[英]Nvidia CUDA Error: no kernel image is available for execution on the device
I have an NVidia GeForce GTX 770 and would like to use its CUDA capabilities for a project I am working on.我有一个 NVidia GeForce GTX 770,想将其 CUDA 功能用于我正在从事的项目。 My machine is running windows 10 64bit.我的机器正在运行 windows 10 64 位。
I have followed the provided CUDA Toolkit installation guide: https://docs.nvidia.com/cuda/cuda-installation-guide-microsoft-windows/ .我遵循了提供的 CUDA 工具包安装指南: https://docs.nvidia.com/cuda/cuda-installation-guide-microsoft-windows/ 。
Once the drivers were installed I opened the samples solution (using Visual Studio 2019) and built the deviceQuery and bandwidthTest samples.安装驱动程序后,我打开了示例解决方案(使用 Visual Studio 2019)并构建了deviceQuery和bandwidthTest示例。 Here is the output:这是 output:
deviceQuery:设备查询:
C:\ProgramData\NVIDIA Corporation\CUDA Samples\v11.3\bin\win64\Debug\deviceQuery.exe Starting...
CUDA Device Query (Runtime API) version (CUDART static linking)
Detected 1 CUDA Capable device(s)
Device 0: "NVIDIA GeForce GTX 770"
CUDA Driver Version / Runtime Version 11.3 / 11.3
CUDA Capability Major/Minor version number: 3.0
Total amount of global memory: 2048 MBytes (2147483648 bytes)

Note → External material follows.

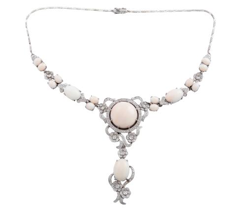 <span class='ref_item'>63 -</span> <span class="object_title">GARCANTILLA EN ORO DE 18 KT. CORAL PIEL DE ANGEL Y DIAMANTES</span>  <p><span class="technical_description">Gargantilla de precioso diseño floral, adornada por coral piel de ángel en tallas cabujón y detalles de flores y tornapuntas cuajados de diamantes en talla brillante con peso total aprox(3.25 ct).<br/>Cadena posterior con cierre de caja con lengüeta y doble ocho de seguridad.<br/>Longitud:45 cm<br/>Ref:75N20</span><br>Peso: <span class="PESO_HCES1">55,6</span> <span class="PESOUMED_HCES1">gr.</span><br></p>

(008) Multiprocessors, (192) CUDA Cores/MP: 1536 CUDA Cores
GPU Max Clock rate: 1137 MHz (1.14 GHz)
Memory Clock rate: 3505 Mhz
Memory Bus Width: 256-bit
L2 Cache Size: 524288 bytes
Maximum Texture Dimension Size (x,y,z) 1D=(65536), 2D=(65536, 65536), 3D=(4096, 4096, 4096)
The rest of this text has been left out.